Once the rest of the iterator work is hashed out and lands, it will just be

```
// each
for your_vec |element| {
  ...
}
// eachi
for your_vec.enumerate() |(i, element)| {
  ...
}
```

although the syntax might be slightly different (`for element in your_vec` is
my favorite proposal).

# Meetings

The [Tuesday
meeting's](https://github.com/mozilla/rust/wiki/Meeting-weekly-2013-06-18)
main topics were once fn's and how namespaces work. For once fn's, graydon
says "I'm concerned with adding new features and I want to see if we can live
without it, I understand it is common," not yet making a decision to include
them in the language.

# Meetups

- tjc's pre-talk and talk, "Rust: A Friendly Introduction" went very well. The
  [slides](http://catamorphism.org/Writing/Rust-Tutorial-tjc.pdf) are up, and
  a recording is coming soon (hopefuly). tjc says the slides aren't as
  understanable without the audio of the talk.
- nmatsakis has expressed willingness/interest in a Boston meetup sometime. If
  you're interested, contact him on IRC or the ML.
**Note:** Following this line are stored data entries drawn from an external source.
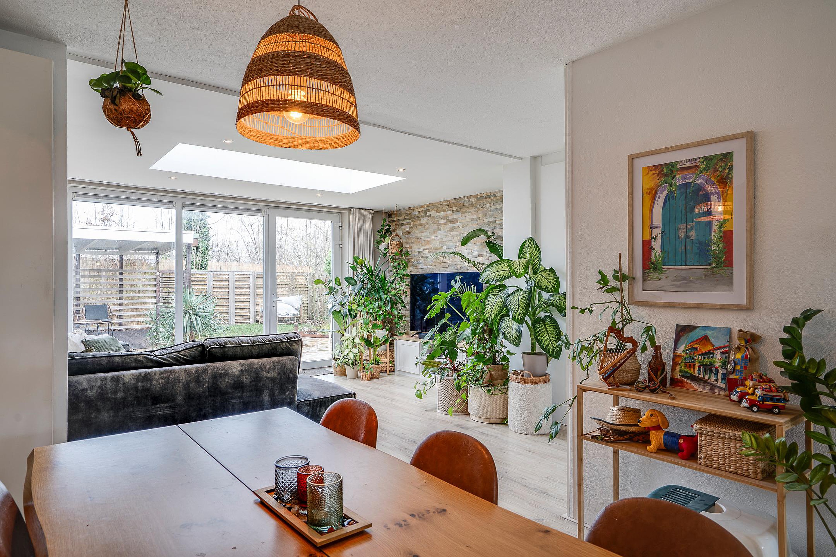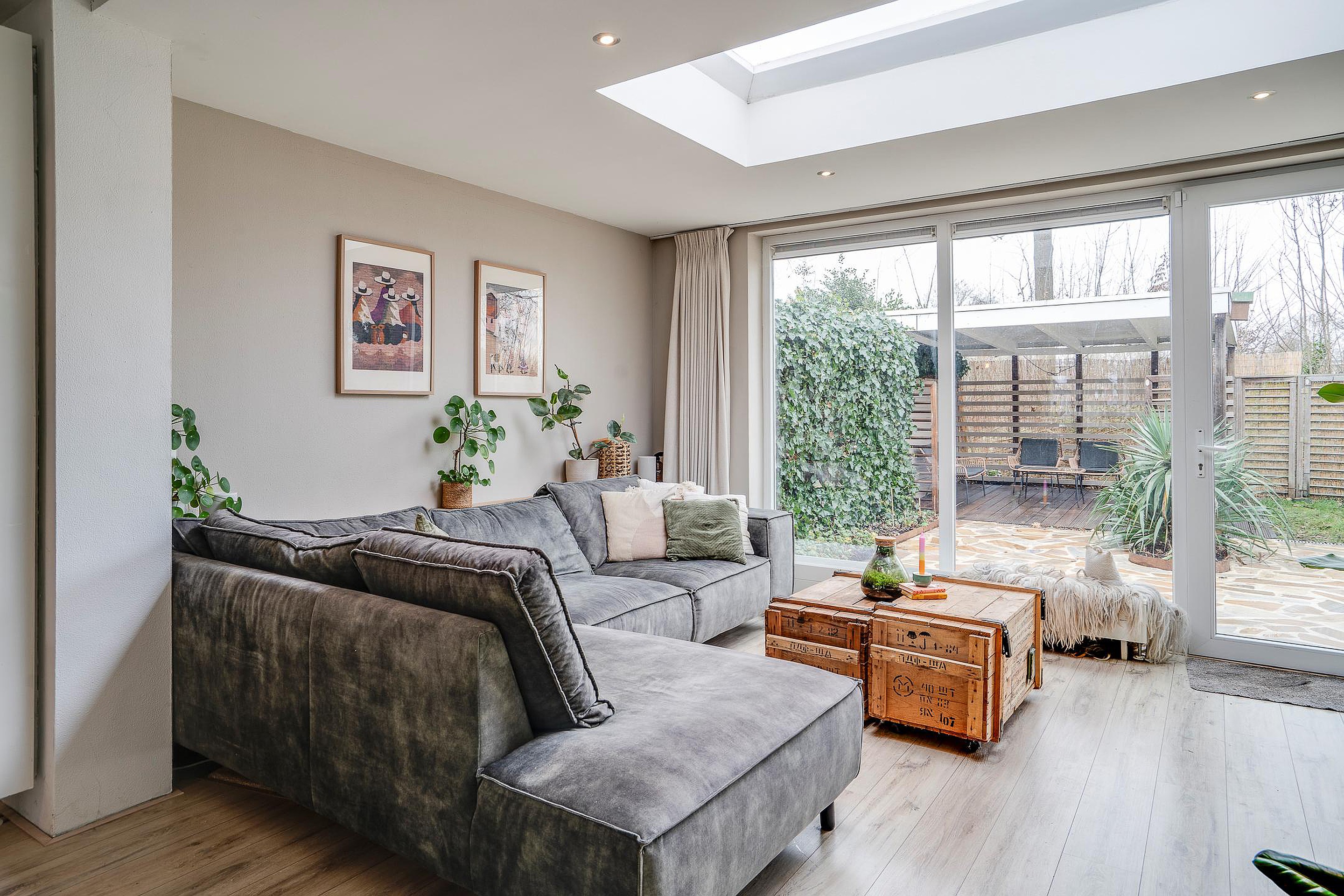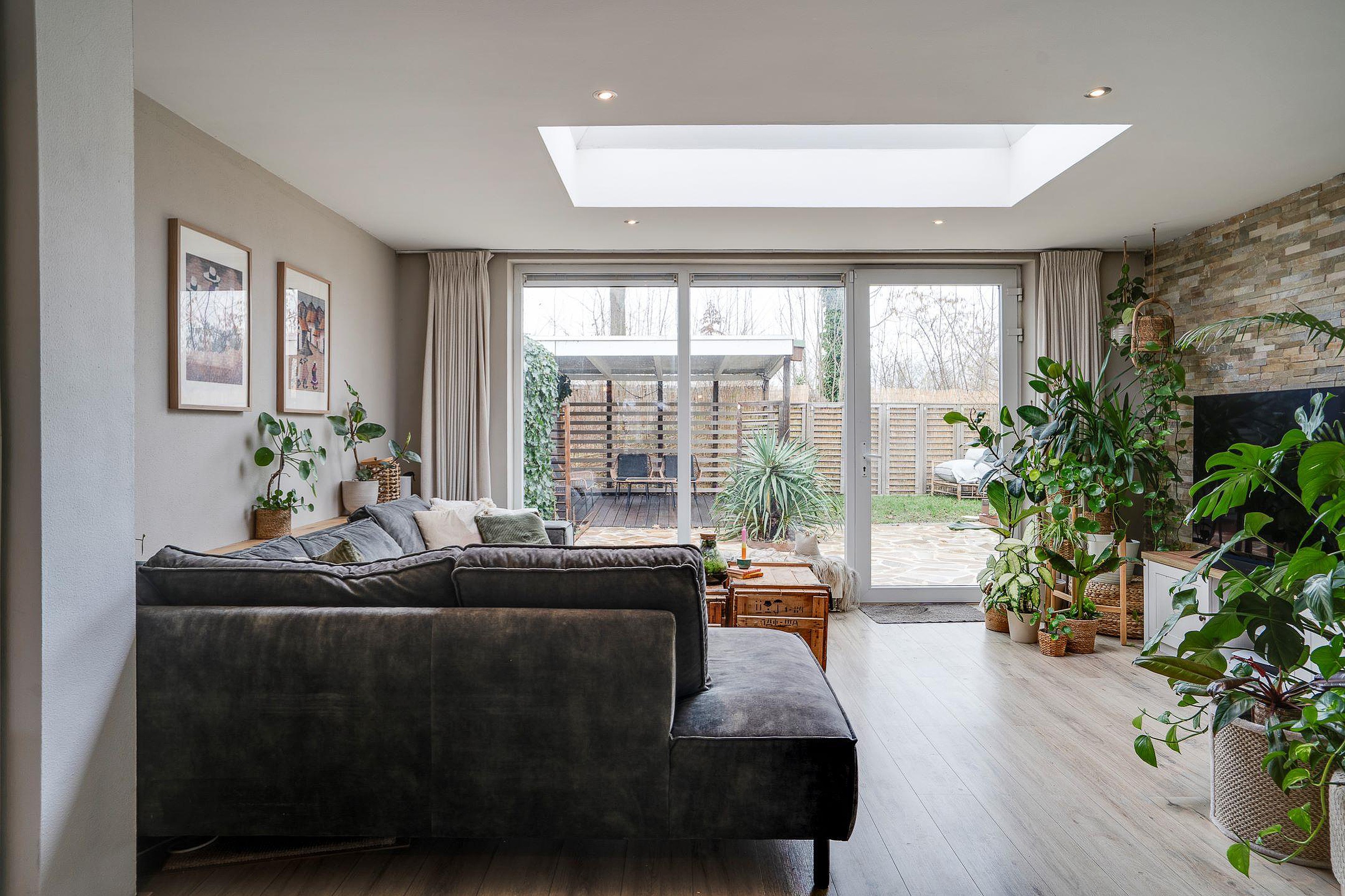 De living, gesitueerd in de in 2007 gerealiseerde aanbouw, straalt ruimte en licht uit dankzij de drempelloos doorlopende laminaatvloer, de lichtkoepel, de ramen aan de voorzijde en de volledig glazen achterpui met openslaande tuindeur. Zo geniet u niet alleen van een overvloed aan natuurlijk licht, maar ook van een directe verbinding met de prachtig aangelegde tuin.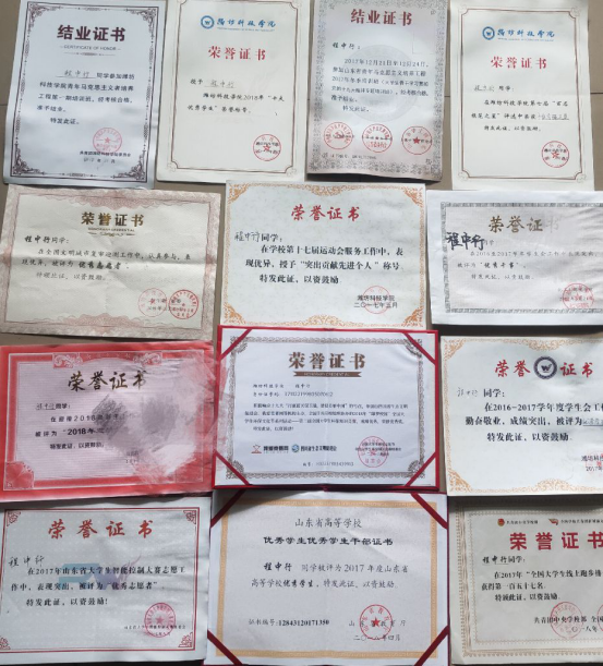 程中行始终坚持的一句格言是:“不放下努力本是我的任务,在现有的基础上争取再争取更是我的职责”。在校期间,他积极考取了“化工总控工、水污染处理工”等各种专业证书;综合测评成绩稳居班级前列;2019年获得“国家励志奖学金”,并积极涉猎学习其他知识;积极参加山东省公民科学素质提升专项行动,荣获“先进个人称号”,并在在寿光市“全国科普日”活动启动仪式上作为员工代表进行发言,线上网络观看人数超过三千万人次;2019 年 10 月,在国庆 70 周年期间作为潍坊科技公司代表前往浙江参加全国高校创业社团服务联盟游学活动,被评选为优秀学员。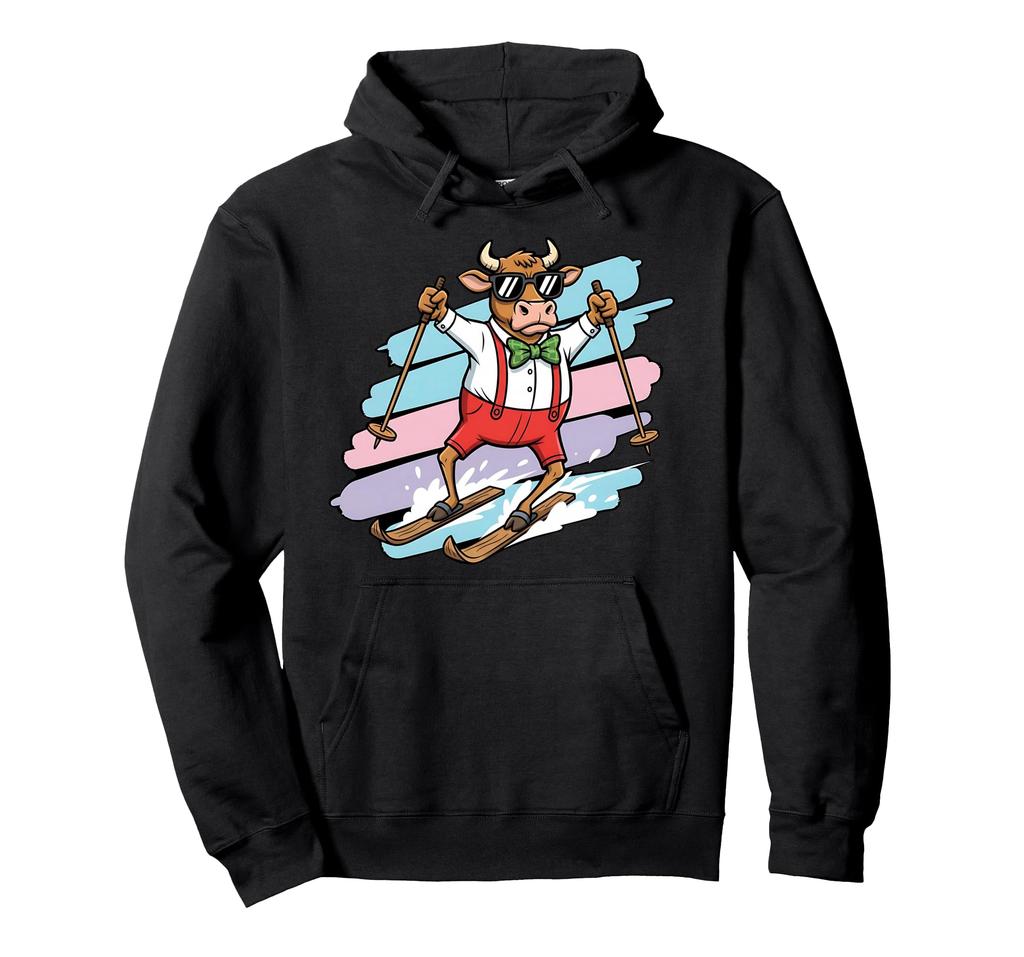 Funny Cow Ski Backcountry Snow Mountain Sunglasses Bow Tie Winter Humor Animal Hoodie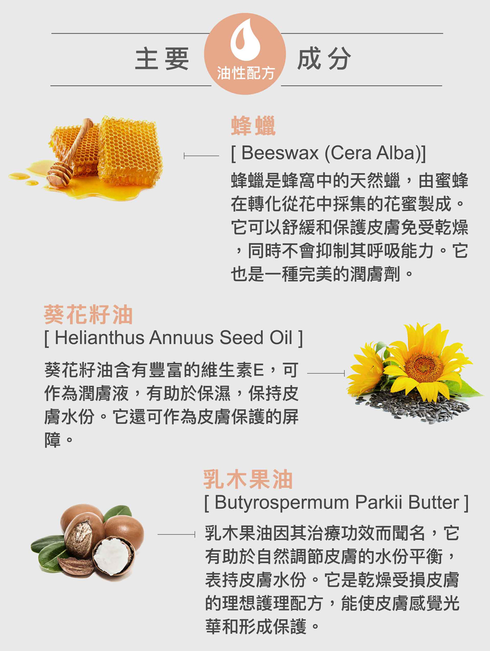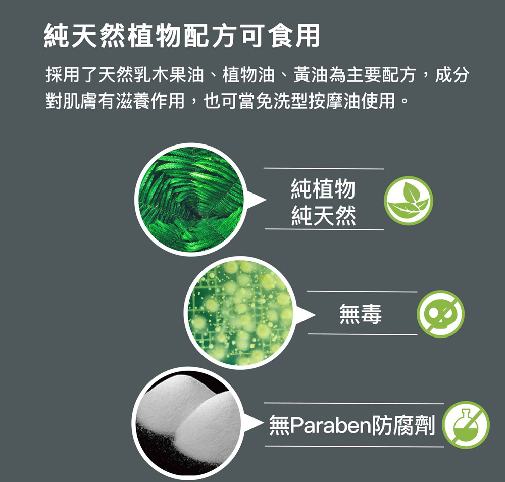 採用天然乳木果油、植物油、黃油為主要配方,不僅滋養肌膚,也可當免洗型按摩油。成分純天然、純植物可食用,無毒、無Paraben防腐劑、無甘油、無矽、不含化學/人工配方。![]()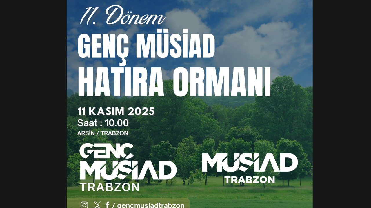 Genç MÜSİAD Trabzon, çevre bilincini güçlendirmek ve gelecek nesillere daha yeşil bir Trabzon bırakmak amacıyla “11. Dönem Genç MÜSİAD Hatıra Ormanı” programını hayata geçiriyor. Etkinlik, 11 Kasım 2025 Salı günü saat 10.00’da Arsin ilçesinde gerçekleştirilecek.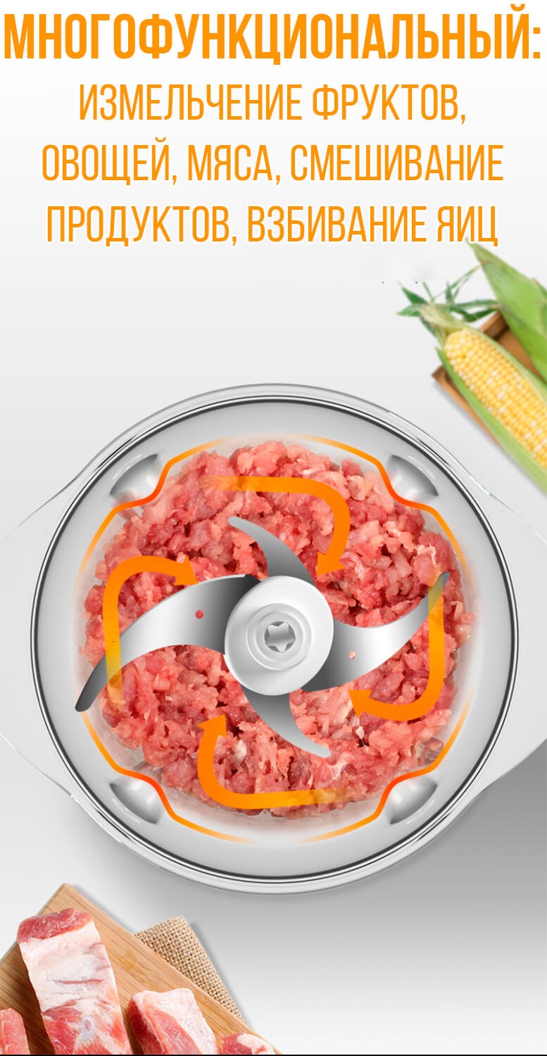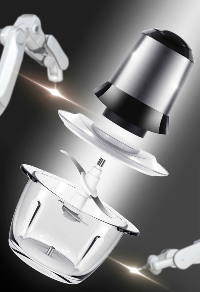 Измельчитель может справиться с любыми задачами. Он нарезает, измельчает, перемалывает и доводит ингредиенты до состояния пюре. Просто нажмите кнопку, и прибор за считанные секунды нарежет овощи, фрукты, сыр, мясо или орехи. Готовьте супы, салаты, соусы, детское питание, десерты, и даже коктейли! Измельчитель с двухъярусным лезвием обладает компактными размерами, поэтому он не займет много места у вас на кухне.

# Notable discourse and external projects

- [mmap and the Rust
FFI](http://maniagnosis.crsr.net/2013/06/mmap-and-rust-foreign-function-interface.html)
  (indutny is working on mman bindings in libc, for the record. will mention
  in next week's twir when it lands)
- [code generation and rustc
speed](https://mail.mozilla.org/pipermail/rust-dev/2013-June/004480.html)
- [Rust for game
development?](http://www.reddit.com/r/rust/comments/1gs93k/rust_for_game_development/)
- [Feed us some low hanging
fruit!](http://www.reddit.com/r/rust/comments/1grj61/feed_us_some_low_hanging_fruit/)
- [Paying Technical Debt in
rustc](http://aatch.github.io/blog/2013/06/19/paying-technical-debt-in-rustc/)
- [What issues in Rust today effect (sic) you
most?](http://www.reddit.com/r/rust/comments/1gpbcs/what_issues_in_rust_today_effect_you_most/)
- [rustdoc rewrite and
redesign](https://mail.mozilla.org/pipermail/rust-dev/2013-June/004520.html)
- [rust-bench: a tool for profiling memory
usage](http://www.reddit.com/r/rust/comments/1gmac5/linux_rustbench_a_tool_for_profiling_memory_usage/)

# Other announcements

- Michael Woerister (mw), the GSoC student working on debug info, has begun
  work. His project log is at http://michaelwoerister.github.io/, and will be
  updated weekly. I'm looking forward to a much better debug experience.